Although the Plzfpos spermatogonial population appeared unaffected in young Tsc2F/F Amh-Cre adults, we next assessed SPC status in a more detailed fashion in juvenile mice by flow cytometric analysis of fixed and permeabilized testis cells (see above). Immunostaining for the SPC marker Plzf together with the Sertoli cell marker Sox9 demonstrated minor, yet significant, alterations in the relative proportions of these cell types within the pre-pubertal testis (Fig5D and E). An observed decrease in the fraction of Sox9pos Sertoli cells from Tsc2F/F Amh-Cre testis could also be inferred from decreased expression of the Sertoli cell-expressed gene Amh as detected by RT–PCR of testis RNA (Supplementary Fig S4C) 39. Critically, however, the percentage of Plzfpos cells from Tsc2F/F Amh-Cre testis that expressed c-Kit was comparable to that of control testis, indicating that self-renewal versus differentiation decisions of SPCs was not substantially affected (Fig5F and G). Indeed, expression of glial cell line-derived neurotrophic factor (GDNF), a key Sertoli cell-derived factor that drives SPC self-renewal, was not significantly altered in Tsc2F/F Amh-Cre testis compared to controls (Supplementary Fig S4C). Together, these data suggest that while some relative expansion of the Plzfpos cell pool occurs in the pre-pubertal testis in response to aberrant mTORC1 activation in Sertoli cells, SPC fate and the SPC population of young adults are both unaffected.

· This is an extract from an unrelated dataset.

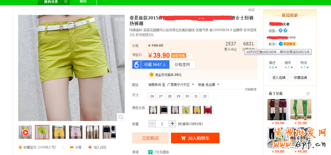第三期選詞:糖果色短褲 大碼女士高腰熱褲 注意紅色字體銷量已達(dá)6584件。

Stra8-Cre preferentially marks mTORC1 active committed progenitors

Through efficient Vasa-Cre-mediated deletion of Tsc2 in SPCs, we have confirmed that aberrant mTORC1 activation in SPCs promotes differentiation commitment and results in germline degeneration 6. In contrast, Stra8-Cre-driven Tsc2 deletion within a subset of SPCs has no apparent functional consequences. Given that Stra8 itself is associated with germ cell differentiation 40, we considered that the Stra8-Cre transgene might exhibit selective expression in differentiation-committed SPCs. Deleting Tsc2 in those SPCs that already show evidence of mTORC1 activation (see above) and that make limited contributions to steady-state germline maintenance can explain the lack of phenotype in Tsc2F/F Stra8-Cre animals.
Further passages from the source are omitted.